Well, there is a third occassion: Yemeğimi köpeğe bitir*t*tim. (bit-tir-t-im)
First *-tir-* makes bitmek transitive so we can give it the object yemeğimi. Second *-t-* allows us to assiggn the action to the word with dative (köpeğ*e*).

So:  Arkadaşına bir mektup yazdır. (write a letter using/via your friend)
Arkadaşın bir mektup yazsın. (your friend should write a letter)

Kardeşin ilaçı içsin (your brother should drink the drug)
Kardeşine ilaçı içtir. (make your brother to drink the drug/ give the drug to your brother)
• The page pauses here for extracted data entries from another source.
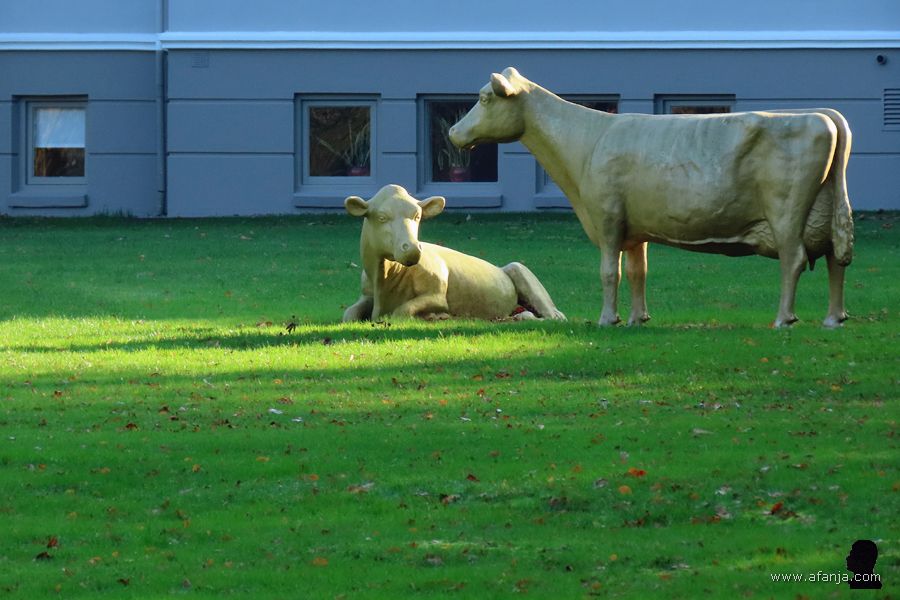 In de voortuin van het hotel bevinden zich al enkele jaren een paar kunstkoeien. Het laagje goudverf zal wel symbool staan voor de gouden kranen die badkamers, wastafels en toiletten waarschijnlijk sieren … 😉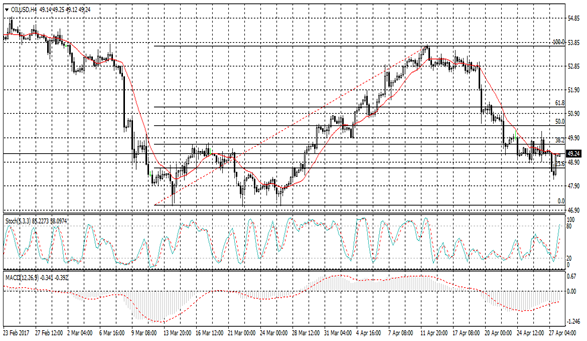 تتداول أسعار النفط عند مستوى 49.24$ للبرميل , حيث ارتد السعر نحو الاتجاه الصاعد بعد ان فشل فى اختراق مستوى الدعم بالتزامن مع خط الفيبو 23 كما هو موضح بالرسم.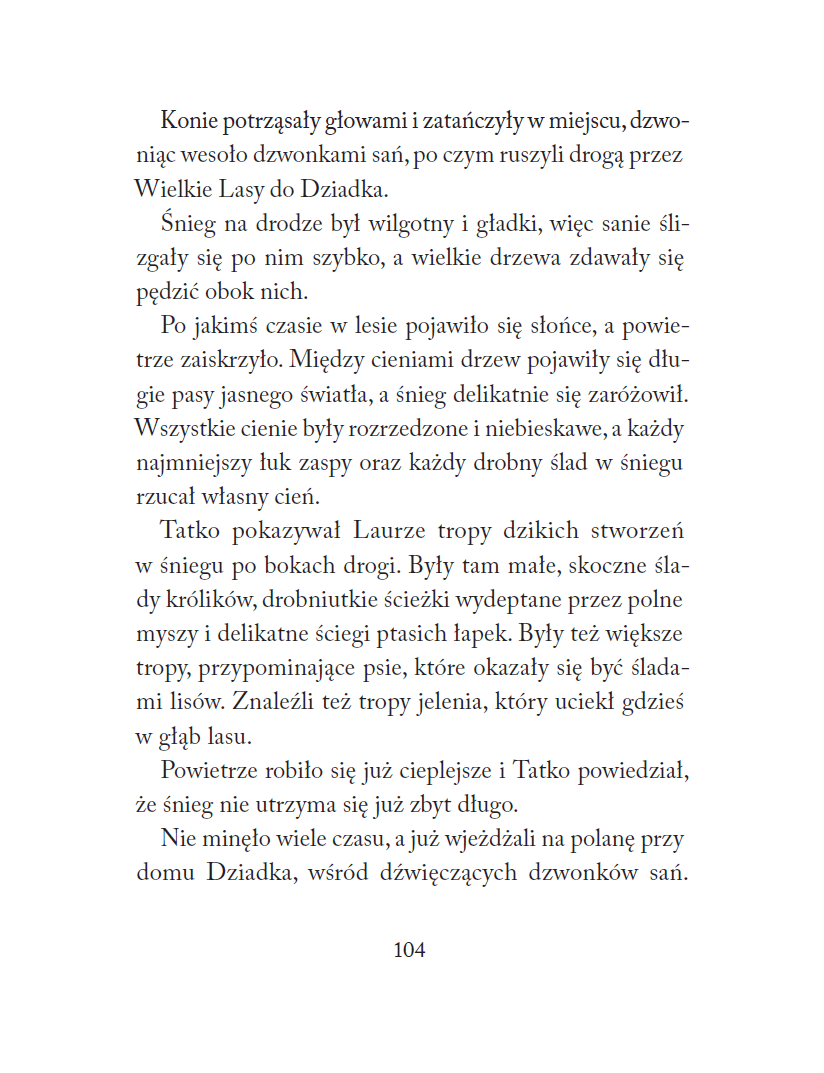 Klasyka literatury dziecięcej w nowym tłumaczeniu. Kultowa seria, kochana przez czytelników i widzów na całym świecie, czeka na kolejne pokolenie! W samym sercu lasów Wisconsin stoi mały domek. Mieszkają w nim Tatko, Mamusia i trzy dziewczynki. Z okien widać tylko drzewa, a do najbliższego miasteczka jest bardzo daleko. Goście pojawiają się tutaj rzadko. Dzika przyroda każdego dnia jest tu na wyciągnięcie ręki, a spotkanie z niedźwiedziem mrozi krew w żyłach. Każda pora roku przynosi coś nowego: zima – fantazyjne wzory szronu na szybach, wiosna – bieganie na bosaka, lato – miód z leśnej barci, jesień – grę na skrzypcach przy wesoło trzaskającym kominku. Oczami rezolutnej Laury obserwujemy otaczający ją świat i spokojny rytm rodzinnego życia połączony z dziecięcą beztroską i figlami. Pełna ciepła, spokoju i uroku historia, przypomina, że czasem wystarczy mały domek w wielkich lasach, by odnaleźć to, co naprawdę ważne. Stanowi świetny wstęp do czekających na nas kolejnych przygód dorastających sióstr.Szczegółowe informacje na temat książki Mały domek w Wielkich Lasach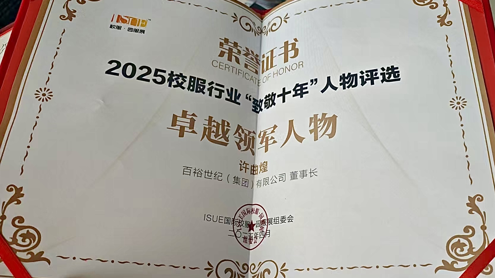 百裕集團董事長許曲煌先生憑借其在校服行業(yè)的卓越領導力、創(chuàng)新實踐與深遠貢獻,榮膺“致敬十年·卓越領軍人物”稱號。這一榮譽不僅是對其個人成就的高度認可,更是對百裕集團深耕校服領域、推動行業(yè)高質量發(fā)展的集體褒獎。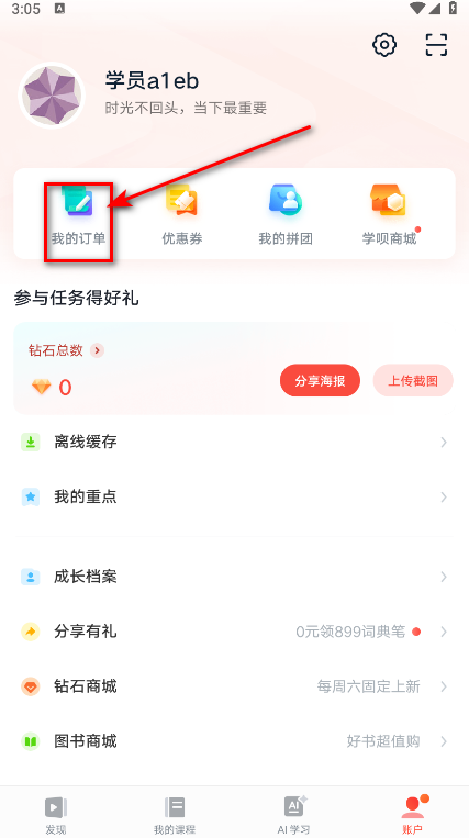 2.首先点击我的订单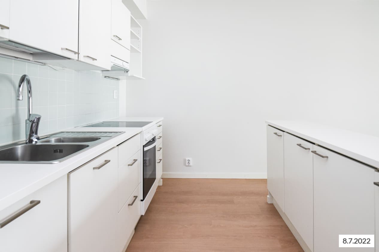 Vaaleasävyisen kodin lattiat ovat kaunista valkoista tammilankkua mukailevaa laminaattia. Keittiön kaapistot ovat raikkaan valkoiset ja ylä- ja alakaappien välinen tila on laatoitettu vedenvihreällä laatalla. Laminaattityötaso on valkoinen. Varustukseen kuuluu keraaminen liesi, jääkaappipakastin ja kalusteisiin integroitu astianpesukone. Kylpyhuoneen seinät on laatoitettu isoilla kiiltävän valkoisilla laatoilla ja suihkunurkkausta elävöittää vedenvihreä laatoitus. Lattiat ovat kuusikulmaista laattaa, jonka sävy on vaalea beige. Pesukoneelle ja kuivausrummulle on tilavaraus.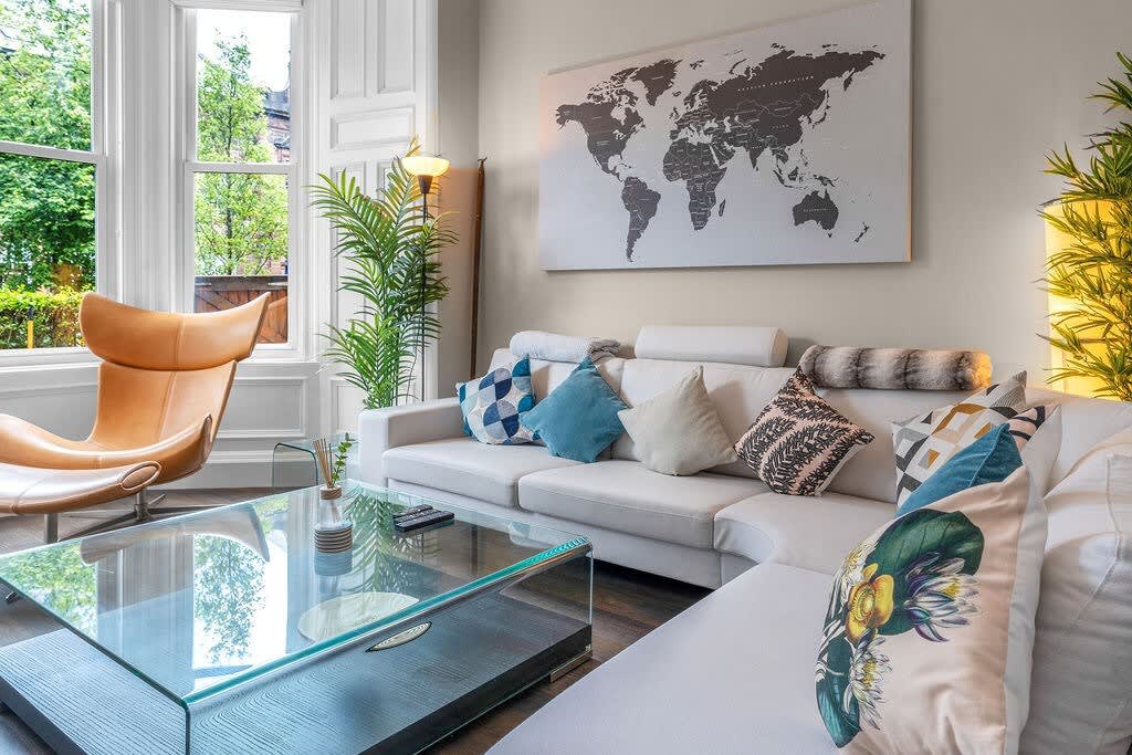 Este histórico apartamento de 2 dormitorios se encuentra a 15 minutos a pie del centro de la ciudad de Edimburgo a través del famoso parque Meadows. Una excelente base para explorar la ciudad. El espacio Un precioso apartamento de dos dormitorios con un enorme salón y cocina totalmente equipada. Acceso de huéspedes El departamento es tuyo para usarlo. El trastero del piso estará cerrado. Pero por lo demás, todo el apartamento está abierto para ti. Nota: no hay ascensor disponible y el departamento está disponible en el cuarto piso.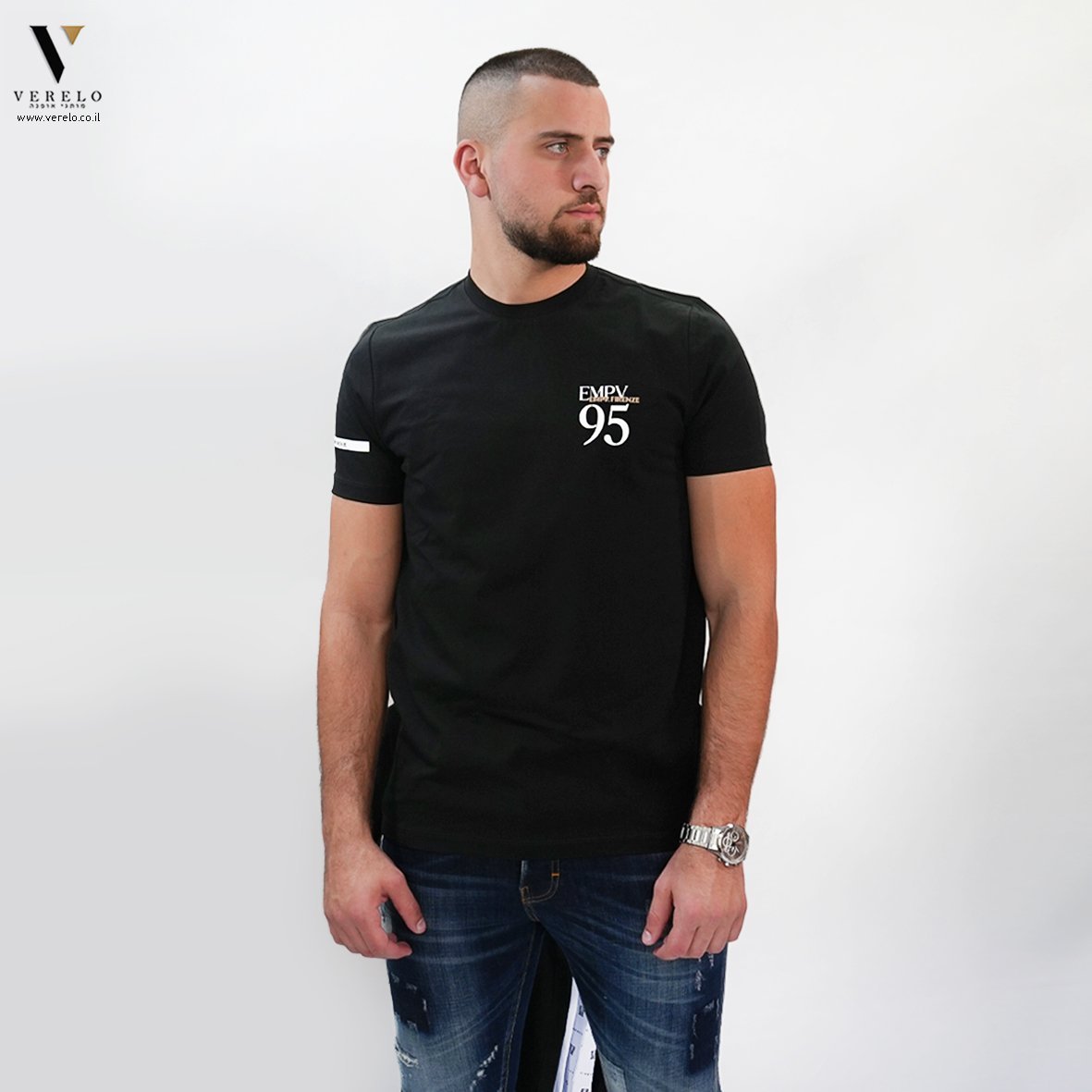 •גזרת REGULAR שם החברה EMPORIO VALENTINI בקטן בחזית החולצה עם אותיות בולטות.

I'm so sorry for my bad English or Greek-lish.. I hope the explanation is helpfull. Though, in my oppinion, you will understand better by paying attention to the native speakers talk, written or oral. Good luck!


----------



## Rallino

I think Tzesyneas has explained perfectly. Only one thing:


> [...]
> Kardeşin ilaçı ilacı içsin (your brother should drink the drug)
> Kardeşine ilaçı ilacı içtir.  (make your brother to drink the drug/ give the drug to your brother)
> [...]



We don't say "içtir"; it simply doesn't exist. The causative of "içmek" is *içirmek*.

_>>Kardeşine ilacı içir._

Good job, Tzesyneas.


----------



## tzesyneas

Rallino said:


> I think Tzesyneas has explained perfectly. Only one thing:
> 
> 
> We don't say "içtir"; it simply doesn't exist. The causative of "içmek" is *içirmek*.
> 
> _>>Kardeşine ilacı içir._
> 
> Good job, Tzesyneas.



Thank you Rallino for your comments, the correction and for giving me the pass to add something: Rules about when we use *tir/dir* or* ir* are not very strict. We should learn theses verbs from lists. For ex. içmek will be iç*ir*mek and nor içtirmek (like ı wrote), bitmek will be bit*ir*mek, yemek-ye*dir*mek etc. Best way to learn them is using lists and your instinct that will be developed by paying attention to native speakers.

Here's some more examples wıth bakmak/baktırmak that you wanted to use:
Leyla teyze fal bakıyor. (Leyla is telling fortunes)
Ayşe, Leyla teyze*ye* fal bak*tır*ıyor. (Ayşe is using aunt Leyla to tell her her fortunes/learns her fortune from Leyla aunt)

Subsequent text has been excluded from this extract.